Thread

  1. Re: Missing calls to UnlockBuffers() - unify error handling?

    Rahila Syed <rahilasyed90@gmail.com> — 2025-11-14T11:40:35Z

    Hi Andres,
    
    
    > Widening the perspective a bit, our current approach for such
    > error-handling /
    > shutdown functions seems ... not maintainable. In particular we have a
    > substantial number of top-level sigsetjmp() handlers that have slightly
    > different recovery codepaths.  When adding a new process type, how is one
    > supposed to even know what function one needs to call?
    >
    > PostgresMain() has this comment:
    >                 /*
    >                  * NOTE: if you are tempted to add more code in this
    > if-block,
    >                  * consider the high probability that it should be in
    >                  * AbortTransaction() instead.  The only stuff done
    > directly here
    >                  * should be stuff that is guaranteed to apply *only* for
    > outer-level
    >                  * error recovery, such as adjusting the FE/BE protocol
    > status.
    >                  */
    >
    > But a) that clearly hasn't worked, given how long the following block is,
    > and
    > b) can't really work that well, because we have plenty processes that don't
    > use transaction, therefore putting cleanup in AbortTransaction() doesn't go
    > that far.
    >
    
    I don't quite know how it should look like, but it seems pretty obvious that
    > it should be more unified than it is.  My gut feeling is that we should
    > have a
    > single error recovery function that has a flags argument guiding which
    > subsystems should be reset and which shouldn't.
    >
    >
    +1 for the idea.
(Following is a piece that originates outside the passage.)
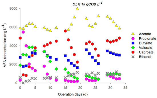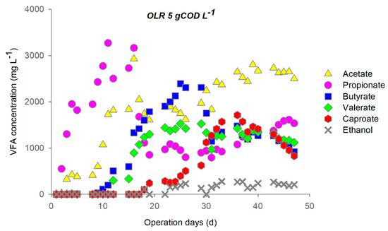 The significant production of valerate (up to 1 g L−1 in the OLR 15 test) could be ascribed to amino acids fermentation [67] or propionate upgrading [17]. Nevertheless, considering that in the fifth cycle of the OLR 15 test, protein degradation even decreased (Figure S2), and it is quite likely that a good portion of valerate was produced through the latter pathway. Indeed, the presence of acetyl-CoA produced along EDs oxidation can favour the propionate elongation to valerate.
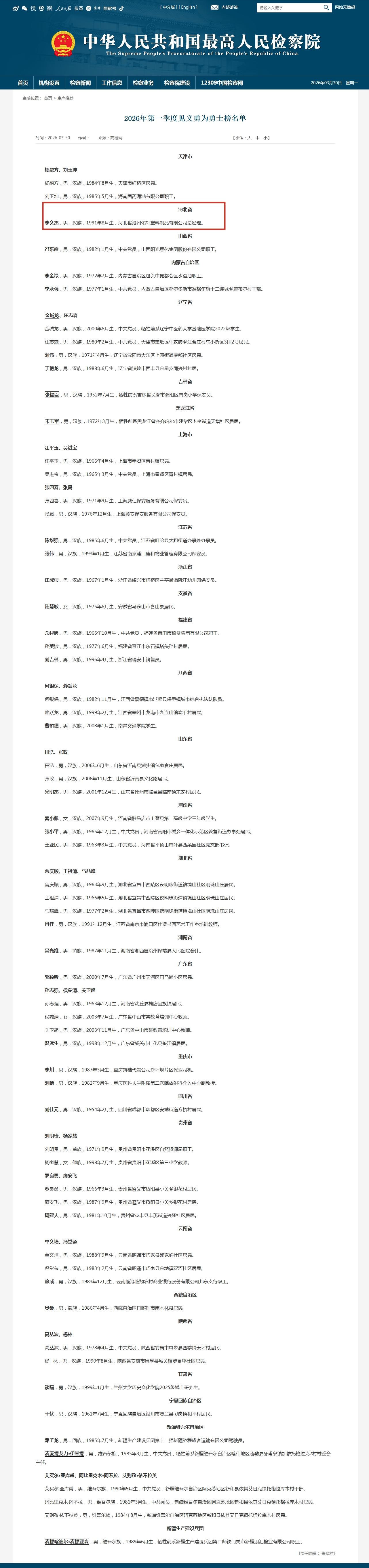 “河北1名勇士榜上有名!2026年第一季度见义勇为勇士榜公布” 的相关文章

I am interested in writing a patch for the same if you
    would like.
    
    As you mentioned, these code blocks under the if
    (sigsetjmp(local_sigjmp_buf, 1) != 0)
    statement have a very similar set of function calls, depending on the
    process type—whether
    it's an auxiliary process, background process, or client backend.
    There are also similarities across these types; for instance, all of them
    register a ProcKill
    callback as an on_shmem_exit callback..
    
    Currently, we perform LWLockReleaseAll() at the before_shmem_exit stage,
    such as in the ShutdownAuxiliaryProcess() callback for auxiliary processes
    and
    ShutdownPostgres() for client backends.
    However, there are some inconsistencies:
    1.  The client backend does not call LWLockReleaseAll() until ProcKill(),
    if it is not
    in a transaction.
    2. The background processes and AutovacuumLauncher do not register a
    before_shmem_callback
    for calling LWLockReleaseAll() but may invoke it directly within the
    sigsetjmp() blocks.
    3. Some auxiliary processes also call LWLockReleaseAll() early in the
    sigsetjmp() block.
    
    
    > Seems we should just reorder the sequence in ProcKill() to first call
    > LWLockReleaseAll()
    
    
    It would be too late to call it in ProcKill, since dsm_backend_shutdown()
    would
    detach segments containing the LWLocks before this. Using a
    before_shmem_exit callback or
    handling it in the initial steps of sigsetjmp might be more suitable.
    
    Thank you,
    Rahila Syed